At least [11, p.9-172] and [5] can be read to say that there might be a non­triv­ial prob­lem. The orig­i­nal rel­a­tivis­tic de­riva­tion of Stech, [43], men­tions the is­sue, but no ball­park is given. (It is how­ever noted that the spin-or­bit term might be sig­nif­i­cant for mag­netic tran­si­tions. The purely non­rel­a­tivis­tic analy­sis used here does not show such an ef­fect. The present au­thor sus­pects that the dif­fer­ence is that the rel­a­tivis­tic de­riva­tion of Stech in­her­ently as­sumes that the gauge prop­erty is valid. Surely there must be ways to do the rel­a­tivis­tic analy­sis such that, in say the elec­tric di­pole case, both the re­sults with and with­out com­mu­ta­tor are re­pro­duced.)

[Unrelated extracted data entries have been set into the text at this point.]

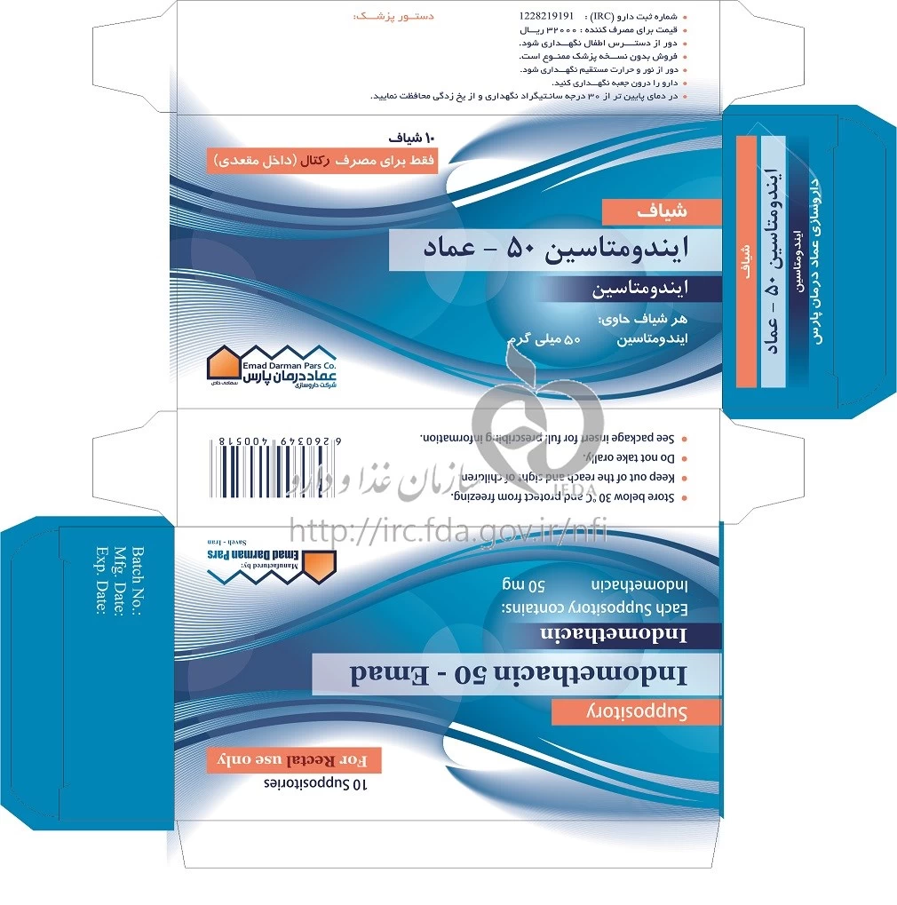 ایندومتاسین - عماد شیاف مقعدی 50 mg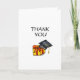 This design shows a yellow wrapped gift with a red ribbon. On top of the gift lays a Graduation Hat to symbolise, that the Thank you not is for a graduation gift. Thank you so much for celebrating my graduation with me and for the thoughtful gif The design is a repro of my hand drawn illustration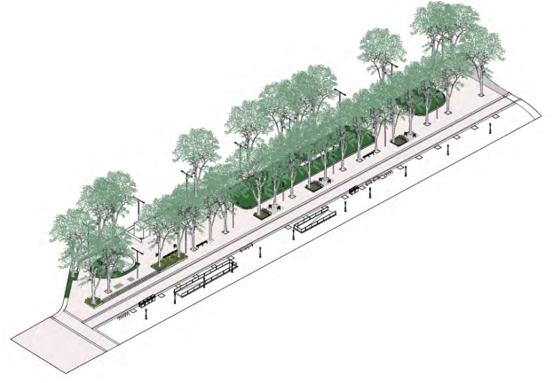 - La calçada del costat Llobregat es transformarà en plataforma única i es crearan parterres que delimitaran l’espai de pas de vehicles i nous espais d’ús veïnal amb una trentena de bancs i cadires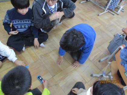「みんなの導線をつなげたらどうなるのかな?」という疑問から、号車ごとにつなげたり、クラス全員の導線をつなげたりして、回路を作ることになりました。「3・2・1!」とみんなで声をかけ、スイッチを押すと…豆電球が光りました!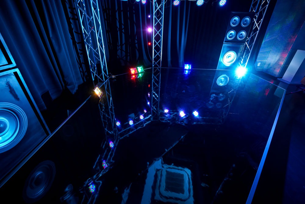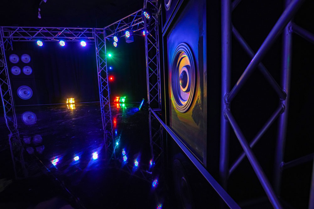 ステージには段差があり本格的なライブーシーンの撮影が出来るブース。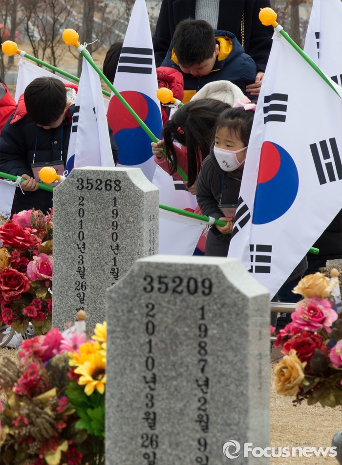 (대전=포커스뉴스) 3일 오전 입학 후 첫 수업에 들어간 대전 화정초등학교 1학년 신입생들이 대전 유성구 국립대전현충원 천안함 46용사 묘역을 찾아 참배하고 있다.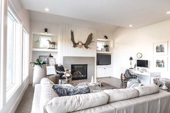 This modern farmhouse family room is perfect for family life. I especially like the custom built-ins with windows.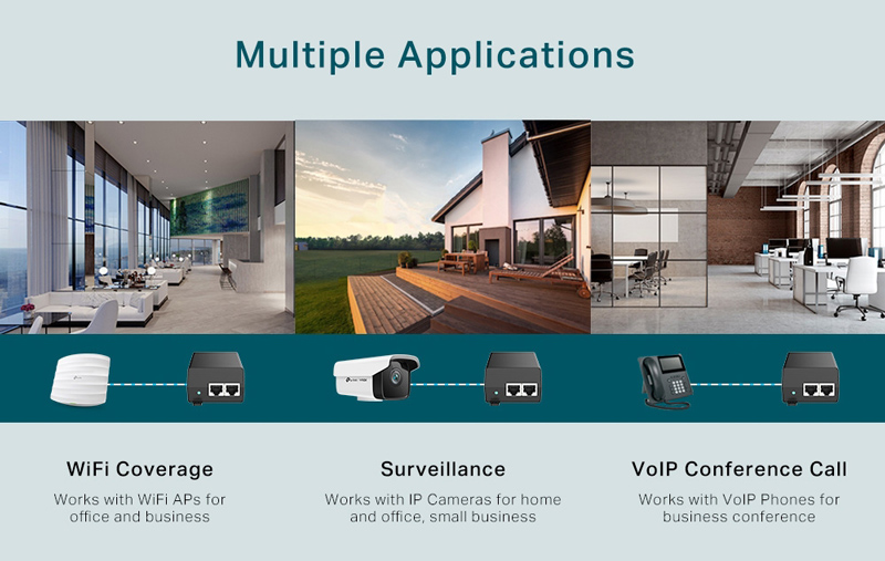 Basic Function: Auto-Sensing Algorithm enables providing power with 802.3af/at PD, Auto-determine the necessary power requirements, Wall-mounting and desktop installation supported, Plug-and-Play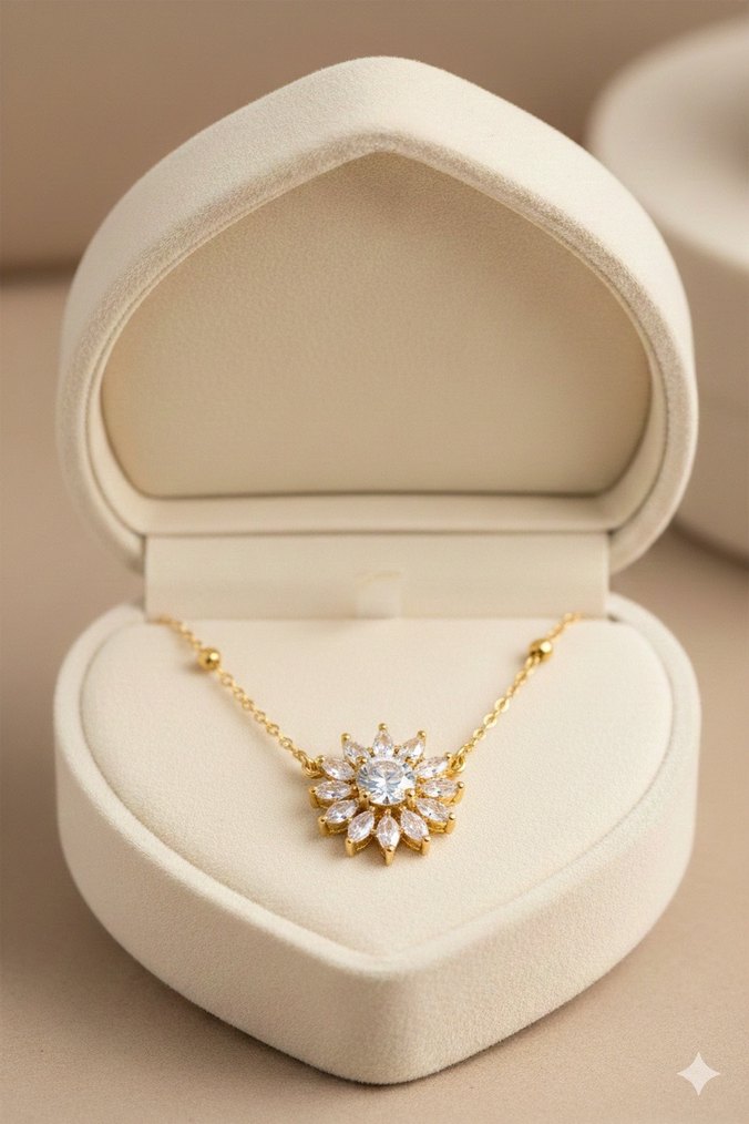 Altın renkli kısa zincir kolye, çiçek desenli ve ortasında parlak kristal taş bulunan klasik şıklık için ideal.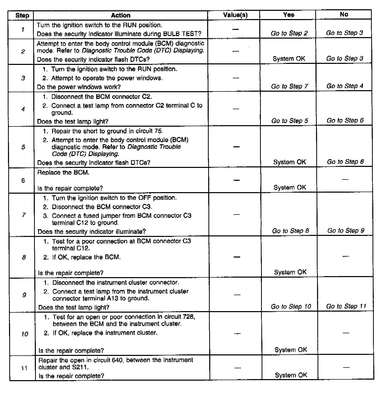 The BCM also uses the SECURITY indicator lamp in order to display the DTC flash codes by grounding CKT 728.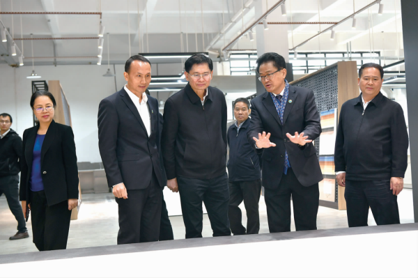 2021年1月5日上午,廣西壯族自治區(qū)代主席藍(lán)天立到梧州調(diào)研,期間深入藤縣中和陶瓷工業(yè)園,在集團(tuán)董事張旗康、總裁蕭禮標(biāo)、廣西蒙娜麗莎總經(jīng)理蕭志強(qiáng)等人的陪同下,認(rèn)真查看了基地生建設(shè)情況,為廣西蒙娜麗莎高標(biāo)準(zhǔn)建設(shè)藝術(shù)化、綠色化、智能化的樣榜工廠點贊。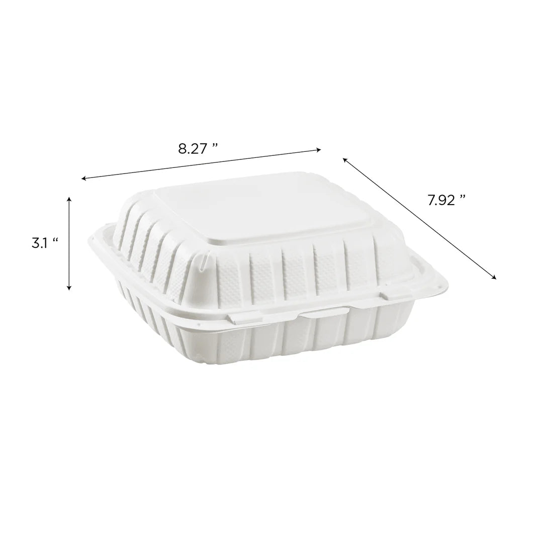 Introducing our versatile 8" x 8" Mineral Filled PP Hinged Container in white! This container is made of durable PP material and features a convenient hinged lid for easy access. Perfect for storing and transporting a variety of items, making it a must-have for any household or business.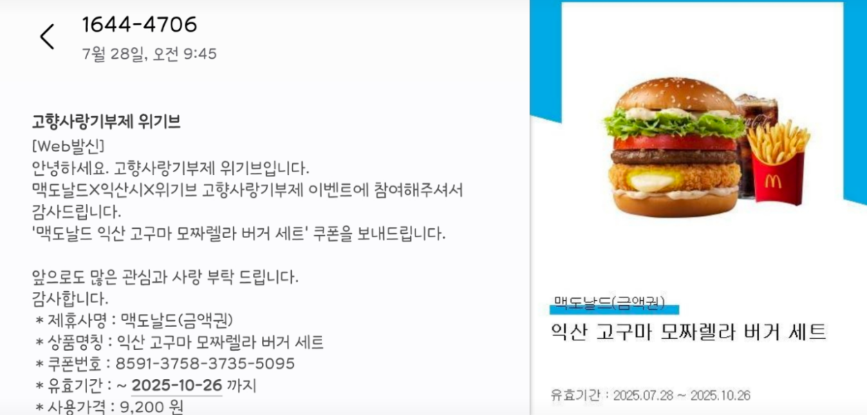 제가 위기브 이용할당시 맥도날드에서 익산 고구마 모짜렐라를 밀고있었는데 엄청 맛있어보이더라구요.

To be sure, the au­thor no longer be­lieves that this is a po­ten­tial ex­pla­na­tion why ${\rm {E}}1$ tran­si­tions are so much slower than the Weis­skopf es­ti­mate. The de­vi­a­tions in chap­ter 14.20.5 fig­ures 14.63 and 14.64 seem much too big and sys­tem­atic to be ex­plained by this mech­a­nism. And it does not seem to ad­dress the con­cerns about mixed tran­si­tions that are men­tioned there.